What is the resistance of the heater?

[endeavor]

"A student uses an immersion heater to heat a cup of water (300mL) from 20ºC to 80ºC for tea. If it is 75% efficient and takes 2.5 min, what is the resistance of the heater? (Assume 120-V household voltage.)"

Here's what I did:
V= 0.75 * 120 = 90V
mass of water = 0.3 kg, specific heat c = 4186 J/(kg*Cº)
T = change in temp = 60ºC
t = 2.5 min = 150s

Q (heat) = W (work) = mcT = 75348 J
P = W/t = 502.32 W
P = 0.75 * P = 376.74 W
P = V²/R
R = V²/P = 21.5 ohms

First, are my values for voltage and power correct? I wasn't sure where to apply the 75% efficiency.

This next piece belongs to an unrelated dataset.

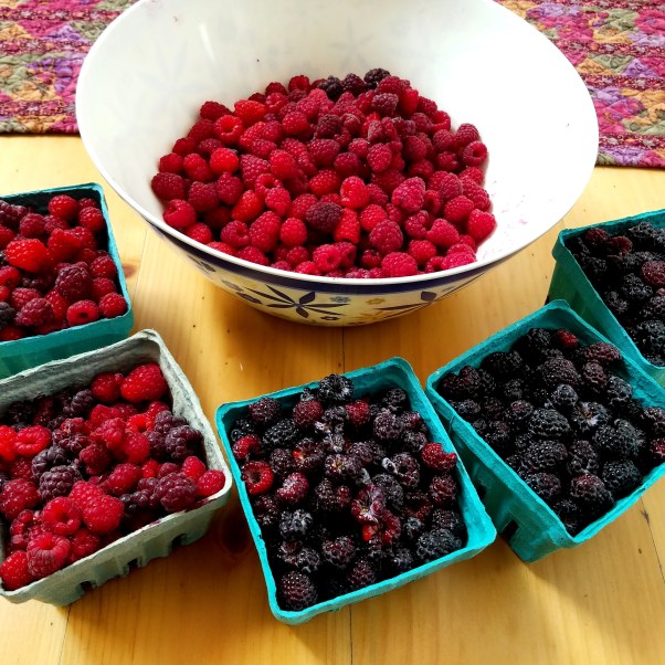 Lola is happy to be anywhere we are. My ill-chosen shoes fight gravity as I attempt the bush on the hill, trying desperately to not reach out and grab a handful of thorns, nor fall face-first into those thorns. Lola barrels under leaves and thru the vines, settling into a shaded spot square in the middle of the bush. She starts out by rescuing the berries I fail to catch, then digging holes, perhaps offering some sort of burial to them, but simply kicking dirt onto my feet. She runs happily, up and down the hill, as our buckets grow full. Until the sun reaches its peak, chasing moisture down our brows and necks. And when it begins to feel like work, we trudge back up the hill, and drive home, our buckets full and our fingers red.

Second, is my answer correct? it's supposed to be 21 ohms... I changed some values to have exactly 2 significant figures, but my answer just gets farther away from 21. (for example, I tried changing 75348 J to 75000J, but that makes the answer 21.6 ohms, which is farther away from 21 ohms...)

 

[Andrew Mason]

"A student uses an immersion heater to heat a cup of water (300mL) from 20ºC to 80ºC for tea. If it is 75% efficient and takes 2.5 min, what is the resistance of the heater? (Assume 120-V household voltage.)"

Here's what I did:
V= 0.75 * 120 = 90V
mass of water = 0.3 kg, specific heat c = 4186 J/(kg*Cº)
T = change in temp = 60ºC
t = 2.5 min = 150s
...

First, are my values for voltage and power correct? I wasn't sure where to apply the 75% efficiency.

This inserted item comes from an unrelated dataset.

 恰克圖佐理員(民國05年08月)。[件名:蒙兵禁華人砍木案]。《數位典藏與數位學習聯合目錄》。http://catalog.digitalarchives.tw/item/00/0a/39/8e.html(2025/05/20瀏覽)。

No. Since $P = V^2/R \text{ or } P = I^2R$, the energy consumed by the resistance is proportional to the square of the voltage or current. If it is 75% efficient, then $E = .75 * I^2R\Delta t$

Also, who drinks tea made with 80ºC water? You need to bring it to a boil!

AM

 

[endeavor]

No. Since $P = V^2/R \text{ or } P = I^2R$, the energy consumed by the resistance is proportional to the square of the voltage or current. If it is 75% efficient, then $E = .75 * I^2R\Delta t$

Also, who drinks tea made with 80ºC water? You need to bring it to a boil!

AM

So $$R = .75 * \frac{V^2}{E}\Delta t$$
but Power = E / time, so
$$R = .75 * \frac{V^2}{P}$$
I arrive at the same answer (21.5 ohms) however, but that's probably a coincidence?

 

[Andrew Mason]

Your answer is right actually because you didn't use V=90 volts in your calculation.

AM

 

[thiotimoline]

So $$R = .75 * \frac{V^2}{E}\Delta t$$
but Power = E / time, so
$$R = .75 * \frac{V^2}{P}$$
I arrive at the same answer (21.5 ohms) however, but that's probably a coincidence?

I also got R=21.5 ohms. First, get the total energy needed to boil the water from 20deg to 80deg. Second, take note that energy per 2.5min is only 75% so u need to make it 100%. Finally, apply R =V^2/P to get R.